Yes, I know about Breaking Bad and The Wire. My assertion, from a position of respect, is that those shows indeed did it well for a longer stretch but, nonetheless, did not reach the heights of storytelling excellence delivered by Chernobyl.

It seems logical to begin delineating the merits of Chernobyl by saying something like, “It has everything you could want in a show!” That isn’t true, though. Chernobyl lacks many things an audience member might want – things like optimism, humor (of the kind that isn’t hanging from a gallows), and a happy ending. Chernobyl really has none of those things. And yet I believe it represents the current pinnacle of what television can accomplish as a medium. I expect its creator and stars will clean up this year’s Emmy Awards, and if they don’t, something has gone horribly wrong in the awards process.

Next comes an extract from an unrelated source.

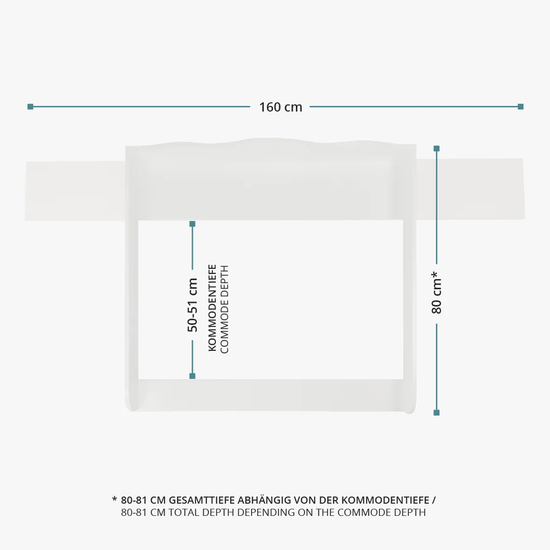 Dank der integrierten Blende schließt der Wickelaufsatz bündig mit der Wand und der Kommode ab und schafft zusätzliche Ablagefläche. Der weiß lackierte Wickelaufsatz mit abgerundeten Kanten verfügt über ein geschwungenes Rückenteil. Mit einer Liegefläche von 77x78 cm bietet der Wickelaufsatz viel Platz beim Wickeln.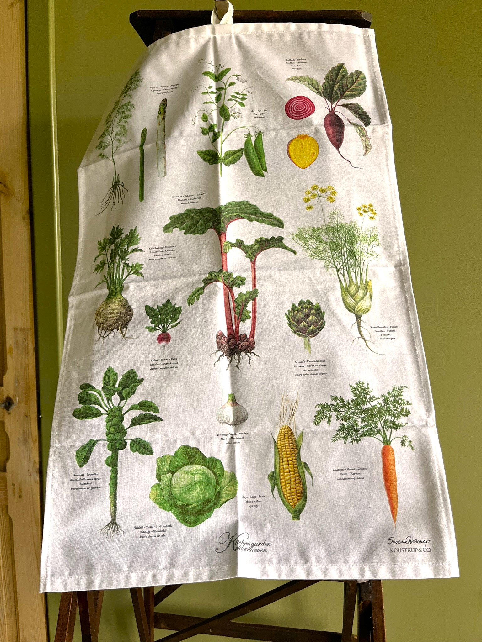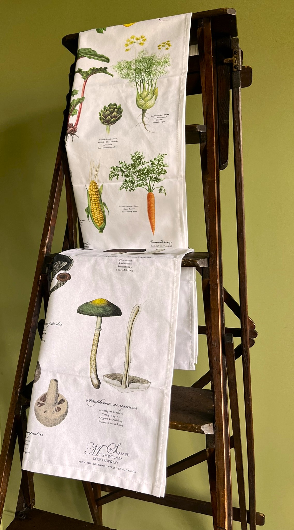 Een ode aan het buiten- en bosleven — de Woodland Walk theedoek toont een sprookjesachtig tafereel vol paddenstoelen of heerlijke groenten.

Honestly, if you haven’t seen Chernobyl yet, you really have to. Stop reading here and go watch it.[1] If you have seen it and want to keep reading, let me also encourage you (if you haven’t already) to also listen to the companion podcast as there is a wealth of information available to you within each episode, information that really does enhance the viewing experience.

An aspect of the Chernobyl series that emerges immediately to those viewers who have read extensively about the disaster beforehand (or, alternately, have listened to series creator Craig Mazin talk about the show) is the high degree of historical accuracy present within the series. There are discrepancies, to be sure – the fire on the ground perhaps burned a bit less brightly and the culminating trial did not quite play out as depicted but, nonetheless, the stories of these characters and events matches the historical record to a high degree. This historicity deeply affects the viewing experience, putting the viewer in a place of both wide-eyed bewilderment and crushing sympathy, knowing in advance the end awaiting the characters portrayed on screen.

The best gateway to the merits of the series is found in three particular scenes (identified by powerful lines of dialog). We will consider them in order of importance.

1) Ep. 1, “1:23:45” – “If it’s true, then we’re dead…”

The events history calls the Chernobyl disaster are incredibly compelling in and of themselves. As one line of dialogue in the series makes clear, nothing like the events in Pripyat, UA on April 25th, 1986 had ever happened on the face of the Earth up until that time. Without hyperbole, forces of near cosmic power were unleashed on an unsuspecting city, country, and world. Studying these events in hindsight naturally raises a number of serious questions.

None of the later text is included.